Apesar de a então presidente não ter assinado os decretos, Acosta disse que "ela é suspeita, e por isso acusada, de ter executado os termos dos decretos" e, como "comandante-em-chefe das Forças Armadas, a maior responsabilidade recai sobre ela".
Os decretos deram às forças de segurança poder para "proceder à execução das operações militares e de segurança" que fossem "necessárias para aniquilar a ação dos elementos subversivos em todo o território do país".
Este texto foi utilizado anos mais tarde pelos líderes das Forças Armadas que derrubaram Isabelita em 24 de março de 1976 para justificar suas ações violentas durante a ditadura, na qual desapareceram cerca de 18 mil pessoas, segundo dados oficiais, e de 30 mil, de acordo com organismos humanitários.
"Se alguém pensa que, com isto, pode parar os processos por violações dos direitos humanos na ditadura, está totalmente enganado", alertou Kirchner.
Isabelita também está na mira de outro juiz argentino, Norberto Oyarbide, que pode chamá-la a depor em um processo relativo a crimes de lesa-humanidade cometidos pela Aliança Anticomunista Argentina, o Triplo A, organização criada em 1973 por José López Rega, ministro do Bem-estar Social.
O "Triplo A", acusado de aproximadamente 1.500 homicídios políticos entre 1973 e 1975, foi um grupo para-policial de extrema direita.

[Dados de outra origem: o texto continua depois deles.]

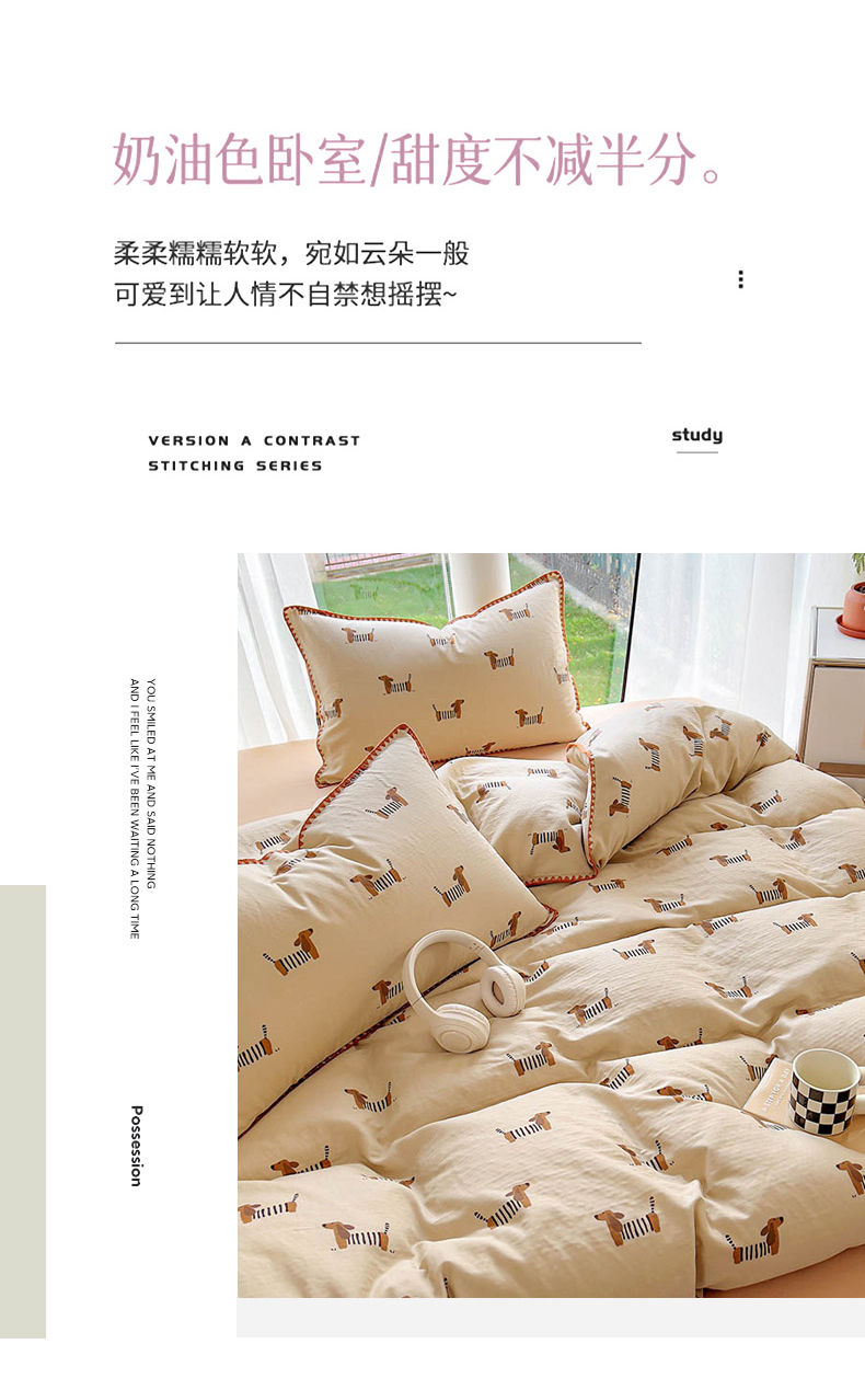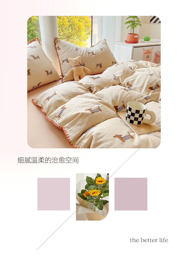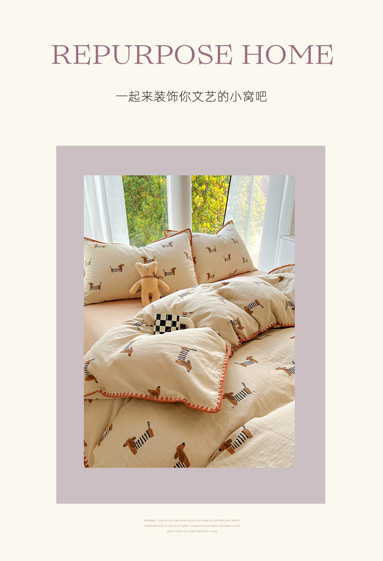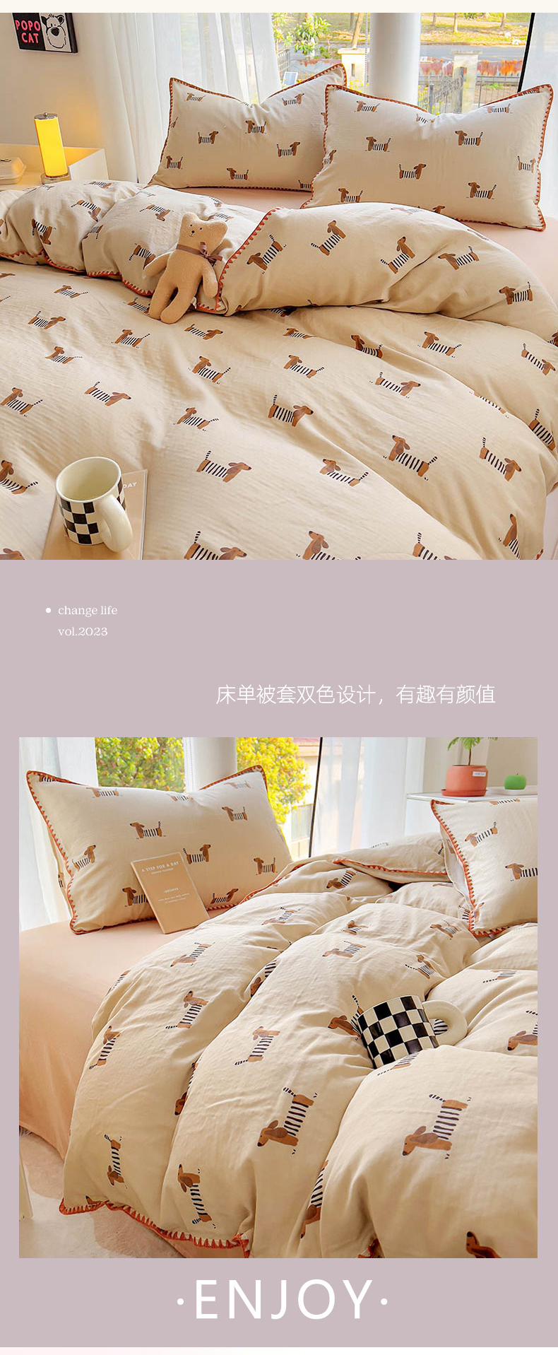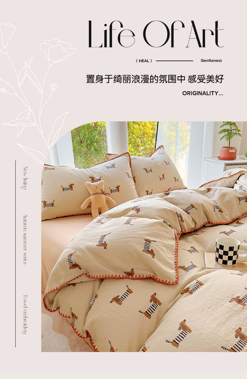 当前位置: 91家纺网 > 商品网购 > 床品套件 > 四件套 > 双层纱四件套 > (提供买家秀 爆款花型 不断货)2025新款A类全棉双层纱四件套 腊肠狗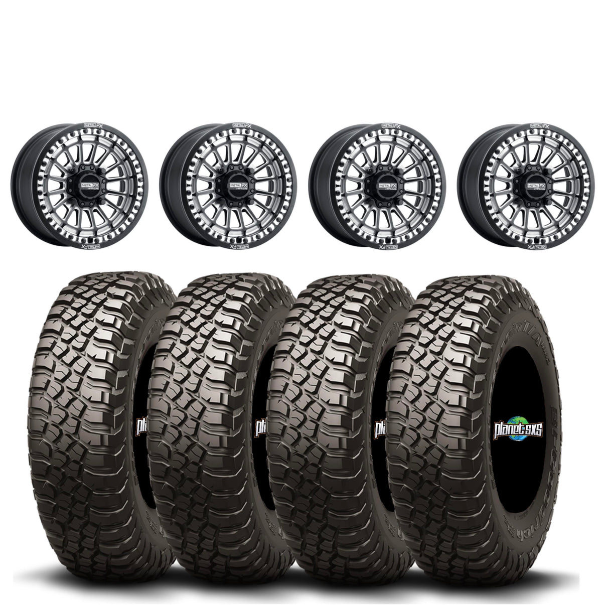 Get a set of (4) matte black Metal FX Delta beadlocks mounted on a set of 8 ply radial BFG KM3 tires with vehicle specific lug nuts included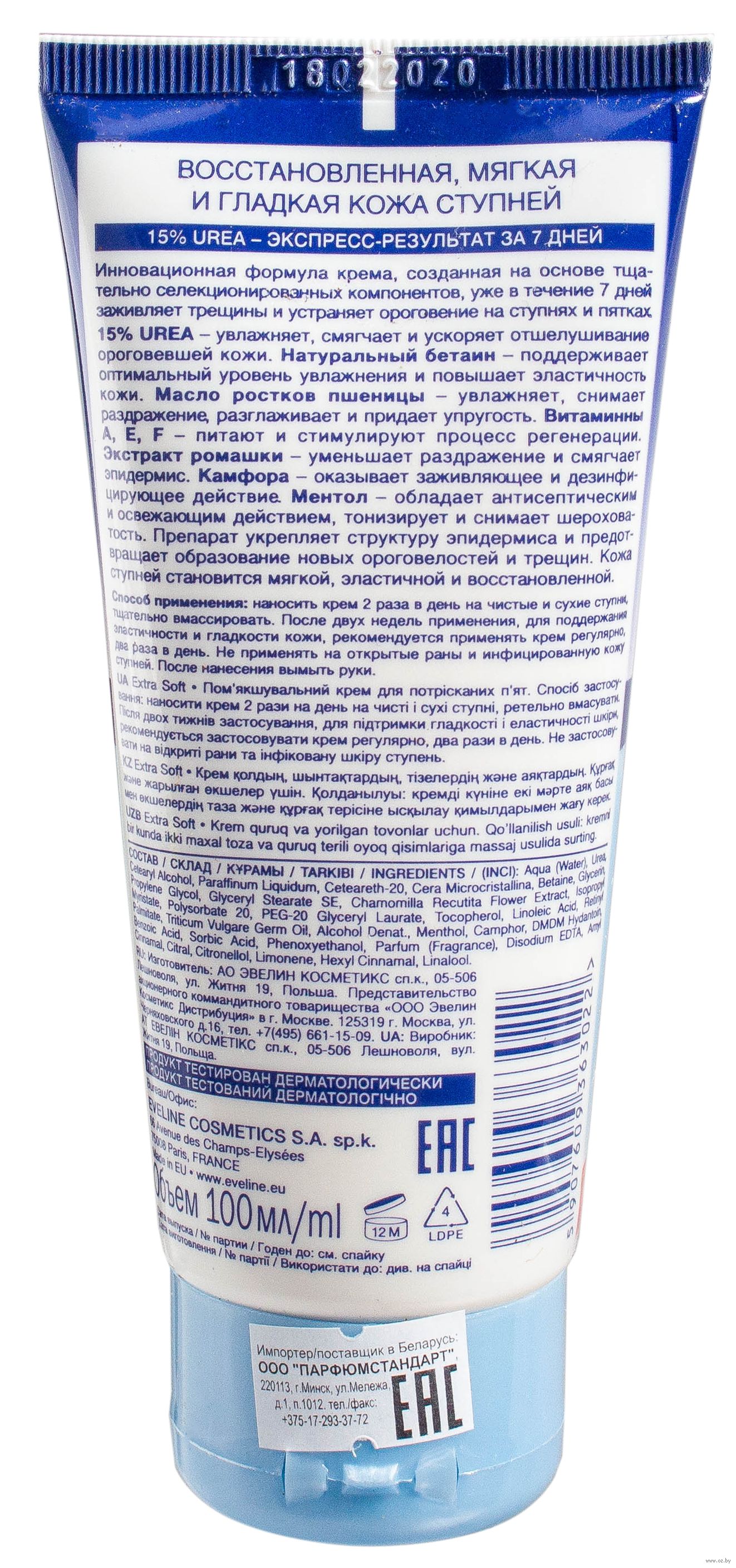 Aqua (Water), Urea, Cetearyl Alcohol, Paraffinum Liquidum, Ceteareth-20, Cera Microcristallina, Betaine, Glycerin, Propylene Glycol, Glyceryl Stearate SE, Chamomilla Recutita Flower Extract, Isopropyl Myristate, Polysorbate 20, PEG-20 Glyceryl Laurate, Tocopherol, Linoleic Acid, Retinyl Palmitate, Triticum Vulgare Germ Oil, Alcohol Denat., Menthol, Camphor, DMDM Hydantoin, Benzoic Acid, Sorbic Acid, Phenoxyethanol, Parfum (Fragrance), Disodium EDTA, Amyl Cinnamal, Citral, Citronellol, Limonene, Hexyl Cinnamal, Linalool.Мы используем файлы cookie для обеспечения удобства работы с сайтом и его контакта с пользователем.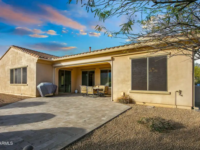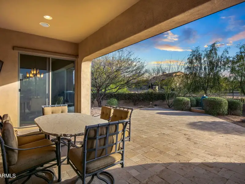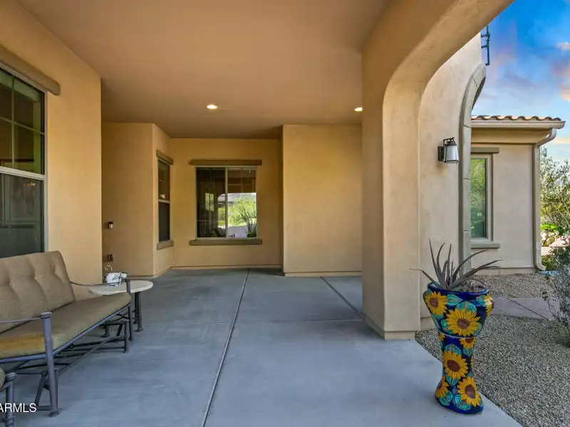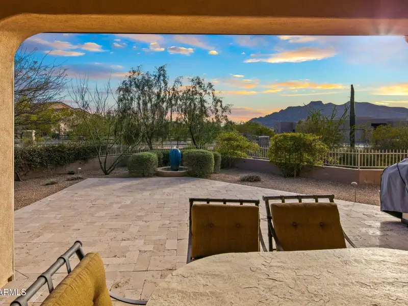 - Covered back patio with mountain views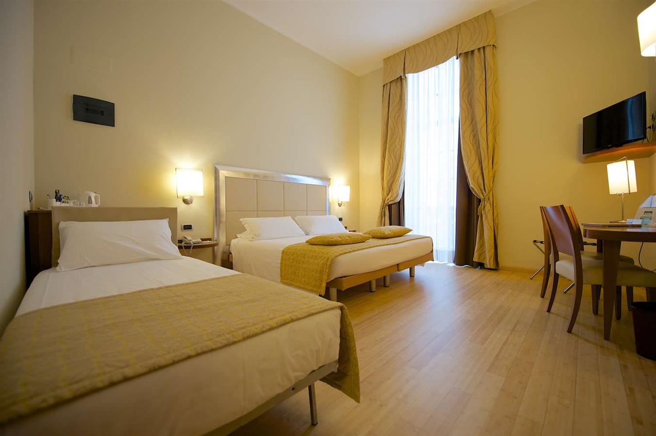 1 queen size bed and 1 single bed, standard triple room, 3 single beds on request, 20 sqm, Sky channels, Wi-Fi, tea and coffee making facilities, non-smoking rooms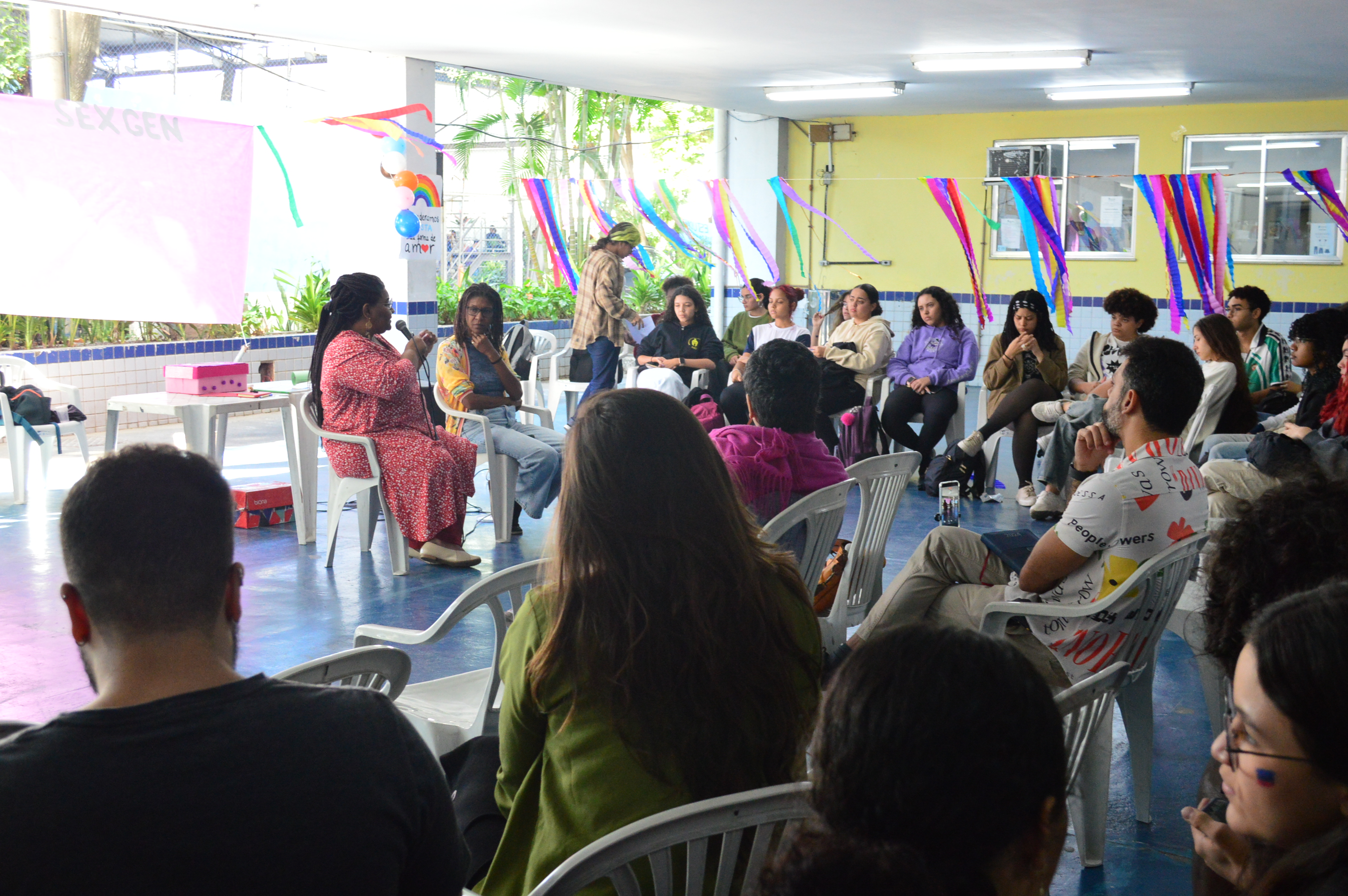 Foi realizada também uma dinâmica interativa, por meio de um quiz sobre diversidade, conduzido pelas bolsistas de extensão Maria Eduarda dos Santos – projeto “Conceituário da Juventude e Diversidade” – e Gabriela Nascimento – projeto “(Com)viver: identidades e sexualidades juvenis”. Além disso, o professor Thiago Rodrigues, coordenador do NUGEDS da Unidade Maracanã, realizou uma fala sobre profilaxia, tratamento e protocolo pós-exposição ao HIV, disponível no Sistema Único de Saúde.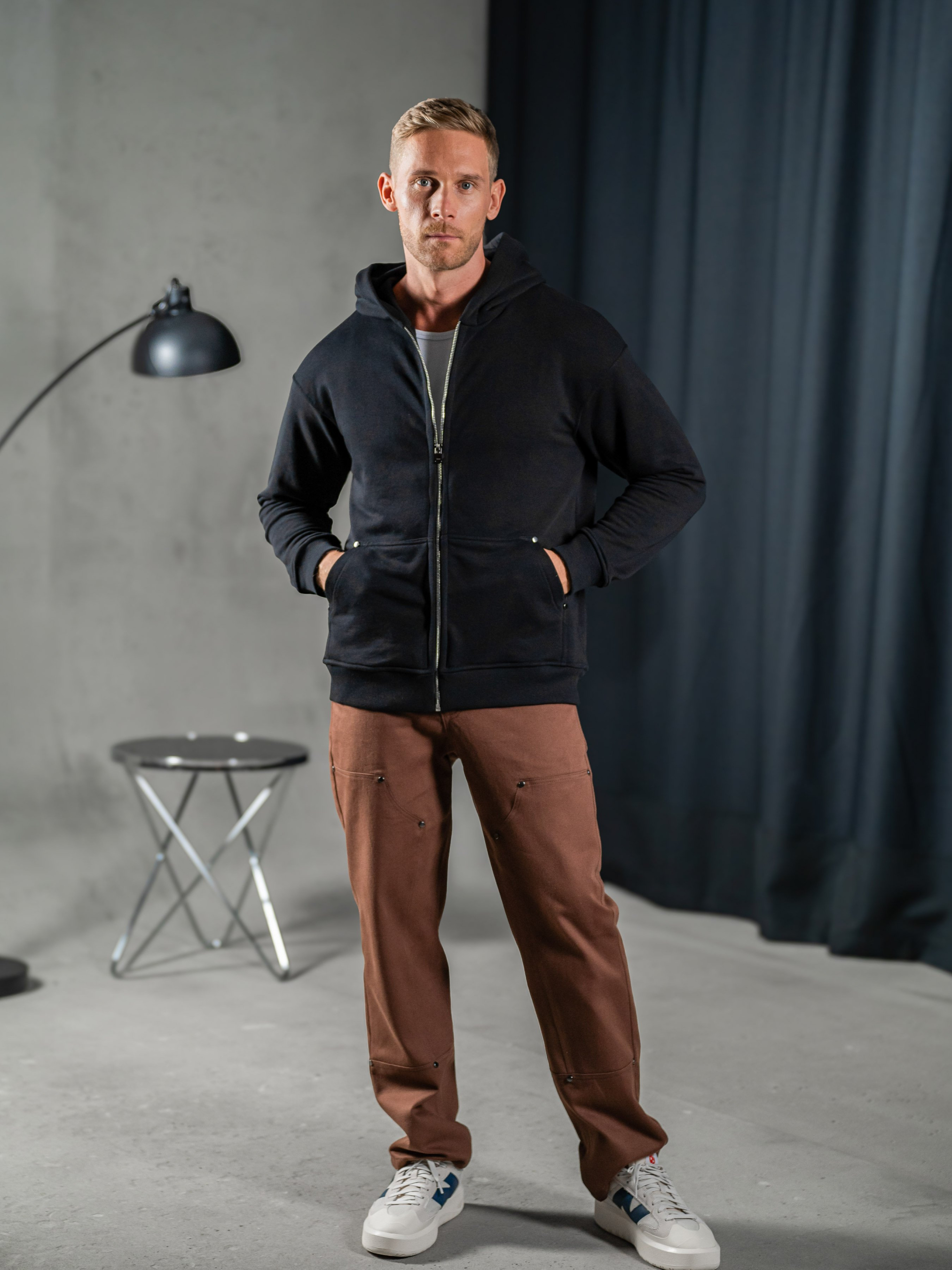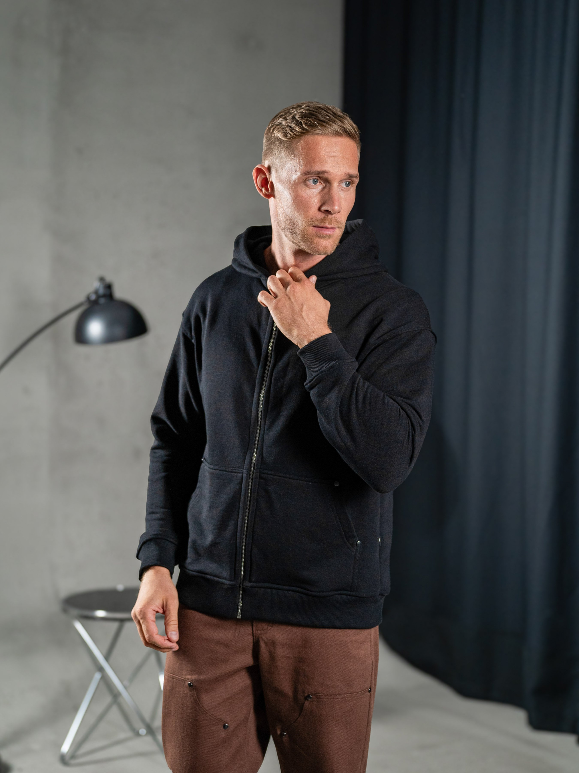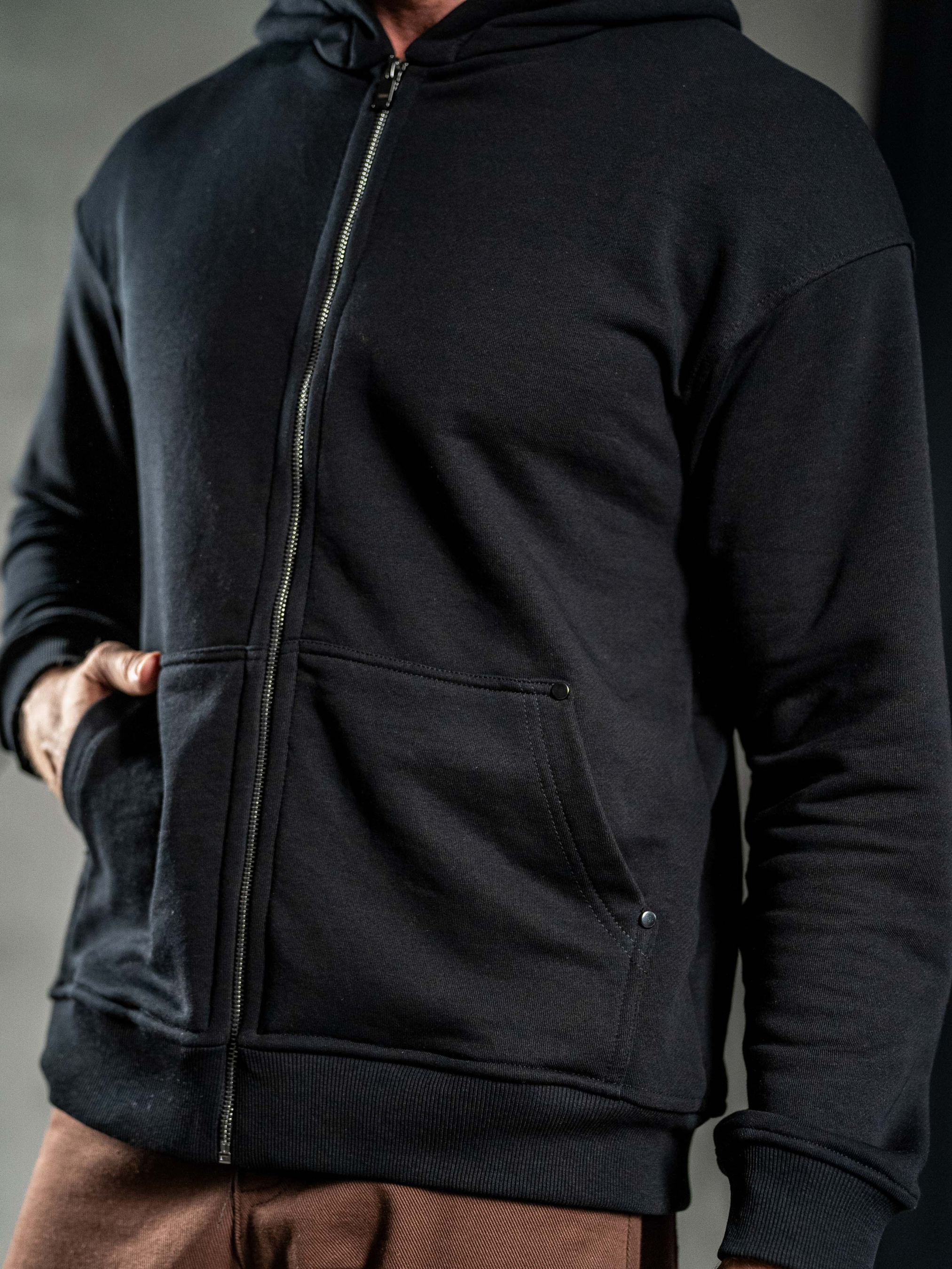 Мужская однотонная толстовка на молнии свободного кроя с эластичным поясом и манжетами, объемным капюшоном и боковыми карманами кенгуру. Выполнен из высококачественной ткани, Тринитка петля 320г/м², состав Хлопок 95%, Эластан 5%.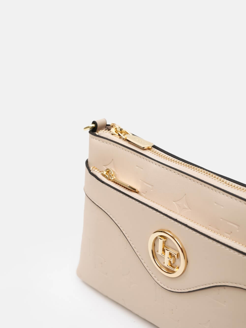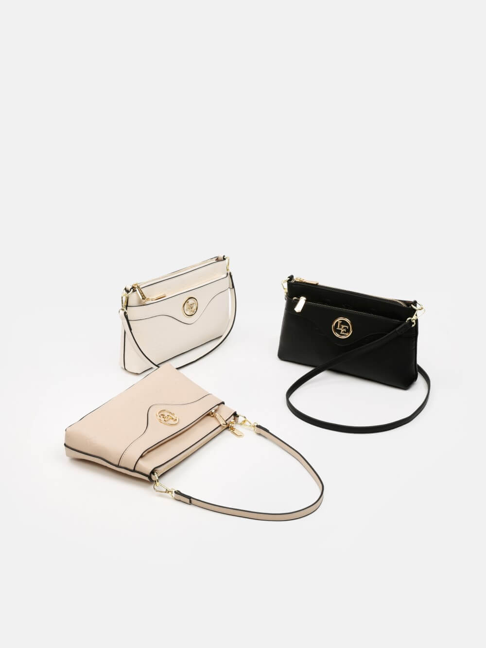 Thiết kế dáng thanh mảnh, lấy cảm hứng từ tinh thần tối giản hiện đại. Điểm nhấn nổi bật nằm ở đường cắt uốn mềm mại phía mặt trước kết hợp khóa tròn logo kim loại ánh vàng – tạo tổng thể tinh tế và sang trọng.

O debate agora é se o próprio Perón, líder do Partido Justicialista (PJ, peronista), aprovou a repressão ilegal durante seu terceiro mandato, que começou em 1973 e cujo comando sua esposa assumiu após a morte do general, em 1º de julho de 1974, permanecendo no poder até o golpe militar de 1976.
A antiga disputa entre setores de esquerda e de direita dentro do peronismo, cujas vertentes extremistas mais violentas foram os Montoneiros e o Triplo A, respectivamente, ainda perdura e promete agitar novamente o partido governante.